Principal Sensitivity Analysis
Sotetsu Koyamada, Masanori Koyama, Ken Nakae, Shin Ishii

TL;DR
Principal Sensitivity Analysis (PSA) introduces a method to identify the most sensitive input directions of classifiers, helping to interpret learned knowledge in neural networks through visualization of principal sensitivity maps.
Contribution
The paper proposes a novel algorithm, PSA, for analyzing classifier sensitivity and decomposing learned knowledge using principal sensitivity maps.
Findings
PSA effectively visualizes classifier sensitivity.
Application to neural networks demonstrates interpretability.

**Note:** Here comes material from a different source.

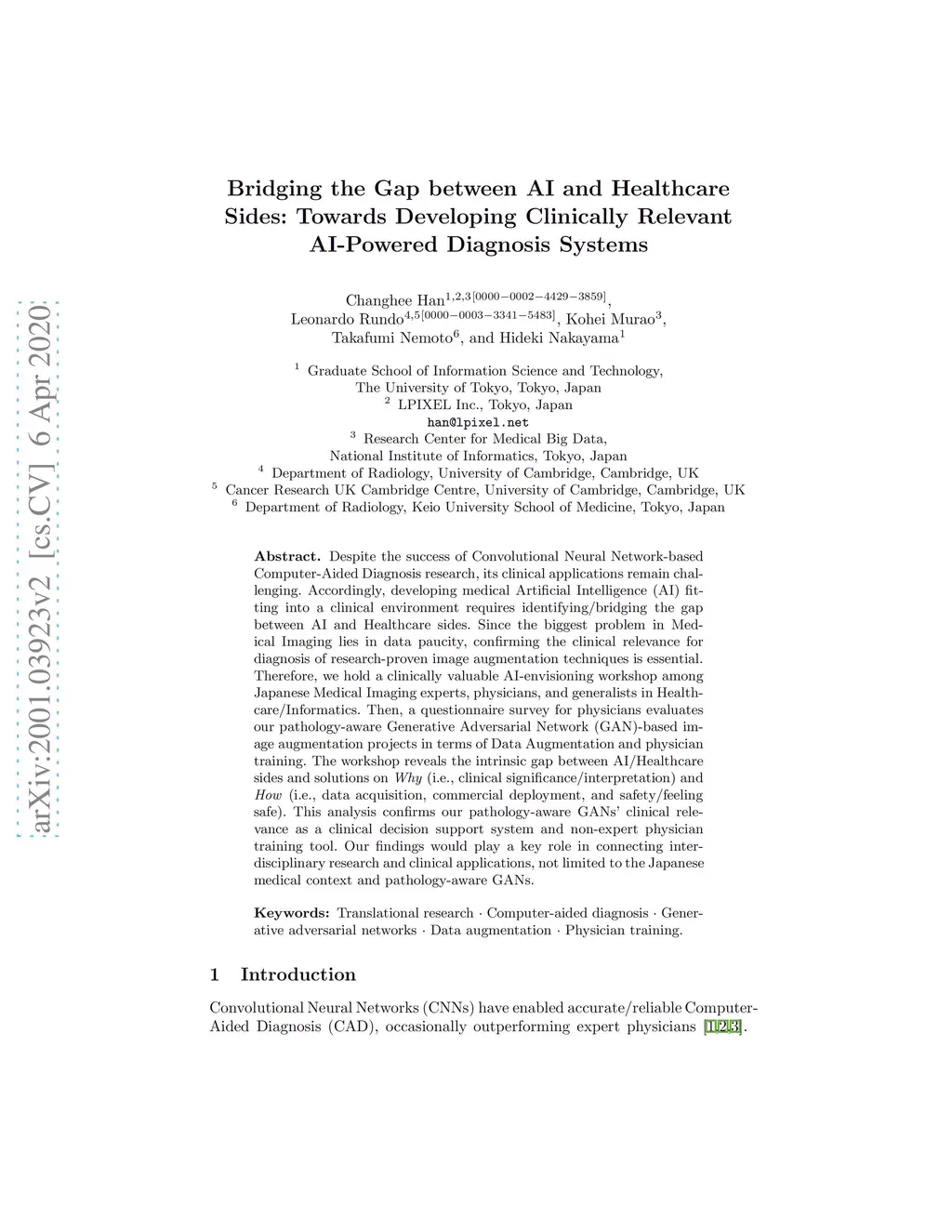 Despite the success of Convolutional Neural Network-based Computer-Aided Diagnosis research, its clinical applications remain challenging. Accordingly, developing medical Artificial Intelligence (AI) fitting into a clinical environment requires identifying/bridging the gap between AI and Healthcare sides. Since the biggest problem in Medical Imaging lies in data paucity, confirming the clinical relevance for diagnosis of research-proven image augmentation techniques is essential. Therefore, we hold a clinically valuable AI-envisioning workshop among Japanese Medical Imaging experts, physicians, and generalists in Healthcare/Informatics. Then, a questionnaire survey for physicians evaluates our pathology-aware Generative Adversarial Network (GAN)-based image augmentation projects in terms of Data Augmentation and physician training. The workshop reveals the intrinsic gap between AI/Healthcare sides and solutions on Why (i.e., clinical significance/interpretation) and How (i.e., data acquisition, commercial deployment, and safety/feeling safe). This analysis confirms our pathology-aware GANs' clinical relevance as a clinical decision support system and non-expert physician training tool. Our findings would play a key role in connecting inter-disciplinary research and clinical applications, not limited to the Japanese medical context and pathology-aware GANs.
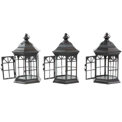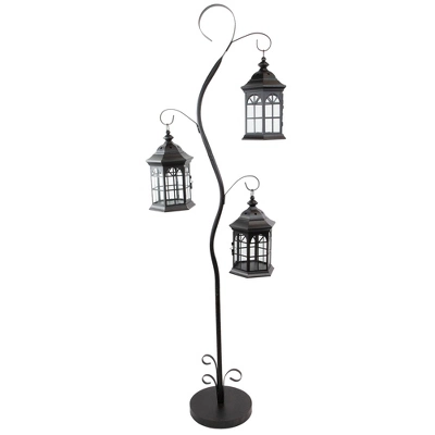 Lanterns accent any decor style from traditional to contemporary. This lantern tree is the perfect addition to entryways, porches or your patio. Place a candle inside each lantern to create a cozy atmosphere. The ring at the top allows you to hang the lantern from the scroll branches. The sleek metal and glass are a great way to add a timeless chic touch to your living space or a unique touch to holiday decor.Product Features:Distressed matte black candle lantern treeThree mission-style hanging lanternsLanterns have hinged doors for easy accessEach lantern can hold (1) candle – not includedRing at the top of the lanterns allows you to hang the lanterns from treeSwirled tree trunk with scrolled branchesEasy assembly is requiredRecommended for indoor use only – if using outdoors place in a covered areaDimensions: 71.50″H x 18.25″W x 8″DLanterns: 13.5″ high by 7″ diameterBase: 11.75″ diameterMaterial(s): metal/glass

Decomposition of knowledge in trained classifiers.
Abstract
We present a novel algorithm (Principal Sensitivity Analysis; PSA) to analyze the knowledge of the classifier obtained from supervised machine learning techniques. In particular, we define principal sensitivity map (PSM) as the direction on the input space to which the trained classifier is most sensitive, and use analogously defined k-th PSM to define a basis for the input space. We train neural networks with artificial data and real data, and apply the algorithm to the obtained supervised classifiers. We then visualize the PSMs to demonstrate the PSA's ability to decompose the knowledge acquired by the trained classifiers.